Throughout his well-chronicled public life, Biden has often been seen as approaching diplomacy through a specifically pragmatic lens. In an article for The Atlantic, Steve Clemons recorded Biden saying that “you’ve got to figure out what is the other guy’s [other global leader’s] bandwidth … what is realistically possible … so that you can begin to make more informed judgments about what they are likely to do or what you can likely get them to agree not to do.” In this way, Biden’s approach to foreign policy can be seen as inextricably linked with his assessment of other world leaders, and specifically, their willingness to work in partnership to achieve common international objectives. 

However, the Biden Doctrine is perhaps most visible in his administration’s approach to alliance building. In his article, Clemons observed that Biden sees the greatest threats to the global order as nuclear tensions, and seeks proportionality as a result. According to Clemons, Biden envisages this approach as hand in hand with developing and strengthening alliances, ensuring that any response to threats to peace and stability is unified and supported throughout the international community. 

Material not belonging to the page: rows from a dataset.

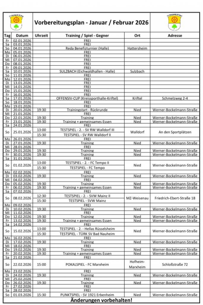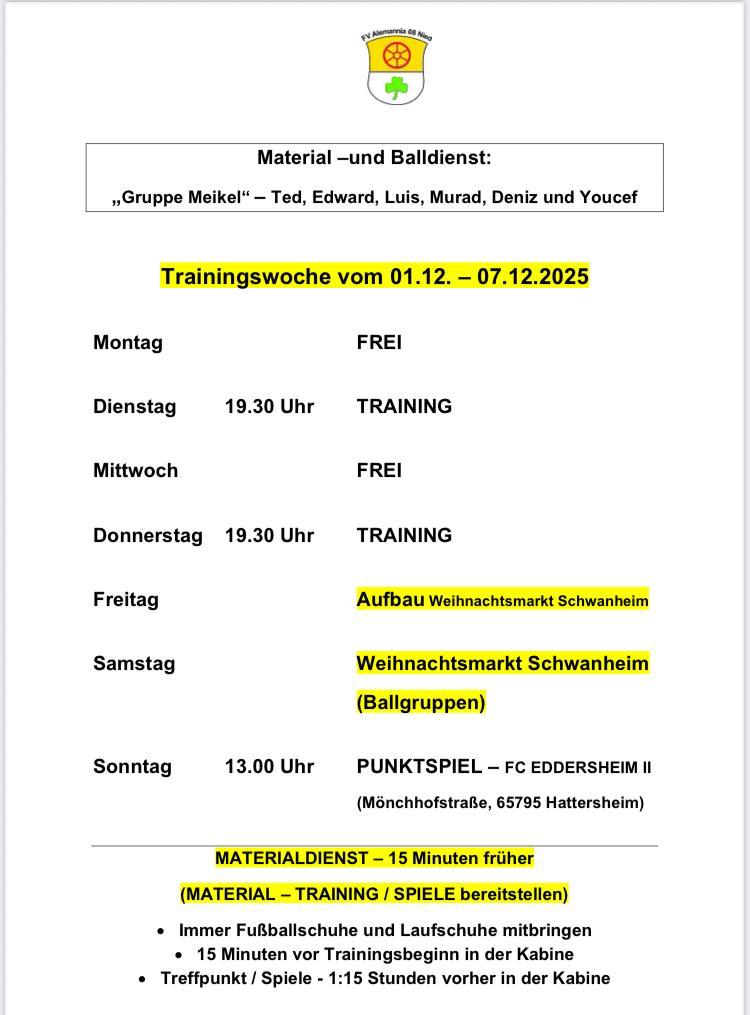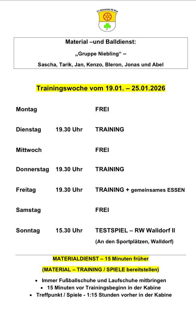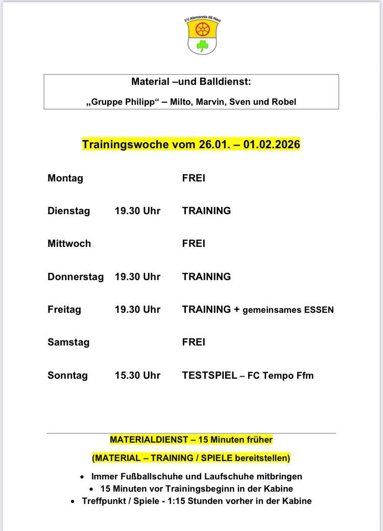 Trainingszeiten und Spielplan der 1. Mannschaft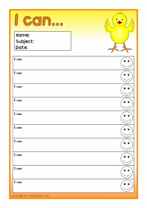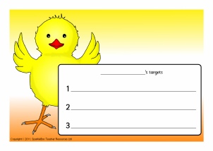 Editable target sheets (for Microsoft Word) with the text ‘I am learning to...’, ‘My next goal is...’ and ‘I can...’. Each sheet has space for 10 targets.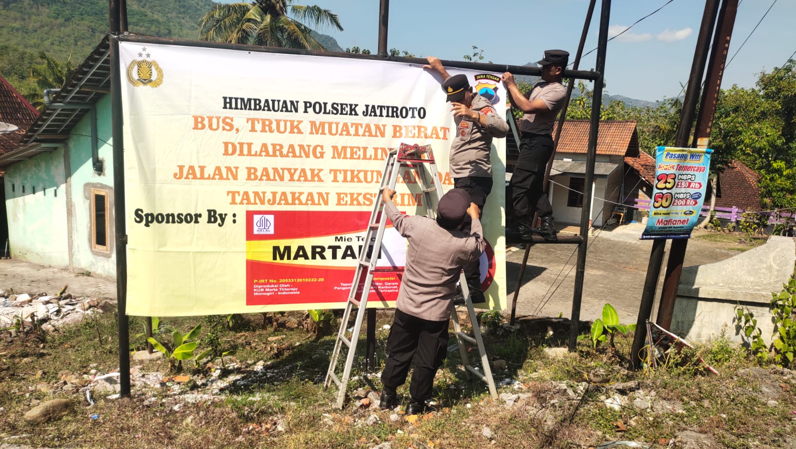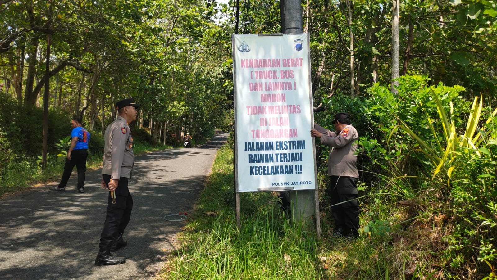 Beritawonogiri.com [JATIROTO] – Polisi dari Polsek Jatiroto, Polres Wonogiri, melakukan langkah antisipatif dengan memasang beberapa spanduk himbauan Kamtibmas di jalur ekstrem yang menghubungkan Kecamatan Jatiroto dan Tirtomoyo. Aksi ini dilakukan untuk mengingatkan para pengemudi bus dan truk bermuatan berat agar tidak melintasi Jalur Tunggangan, yang dikenal berbahaya karena memiliki medan curam dan tikungan tajam.

According to Shay Khatiri, “twenty months into Joe Biden’s presidency, there is an emerging trend in the administration’s foreign policy. The Biden team has been cobbling together groups of U.S. allies and partners, each comprising countries with shared interests within a geographic region.” In this view, Biden has sought to strengthen US foreign policy by developing closer partners all around the globe. This aim has the benefit of producing policy objectives that can be tailored to meet more regionally specific needs. Such an approach was reflected in the announcement made to the Pacific Islands Forum by Vice President Kamala Harris, who acknowledged the importance of greater US engagement with the region’s concerns while outlining the development of a ‘National Strategy on the Pacific Islands.’ Reflecting the period of unique challenges faced by the Biden team, Dr Wesley Morgan, a researcher at the Climate Council, told the Guardian, “It’s very clear that … geo-strategic competition is the backdrop to this Pacific Islands Forum in ways it never has been before.”

It is also visible in Biden’s commitment to AUKUS, a security pact between Australia, the United Kingdom and America which has both reiterated US engagement in the Pacific, as well as reflected the potential for such engagement to aggravate rather than abate geo-political tension. 

However, the current and most salient feature of Biden’s foreign policy is the broad international alliance which has continued to support Ukraine amid Russia’s attempt to annex the nation. Just this week, Biden announced the 22nd instalment of aid to the nation, including over a billion dollars worth of new military hardware to fuel Ukraine’s resistance. Such aid has been consistently delivered in conjunction with NATO and the European Union. Here, Biden has been relatively successful in sustaining both international condemnation and economic sanctions against Russia while securing material support for the Ukrainian government. 

As the Biden Doctrine, and its focus on democracy, pragmatism and international alliances continues to develop, it will face new threats. Rising autocracies, a fragile economic environment and the unpredictability of some global events will make securing lasting peace a challenge. Despite this, the current international consensus – which has framed global responses to crises from Russia to climate change – provides genuine reason to believe that diplomacy offers a pathway to more lasting peace.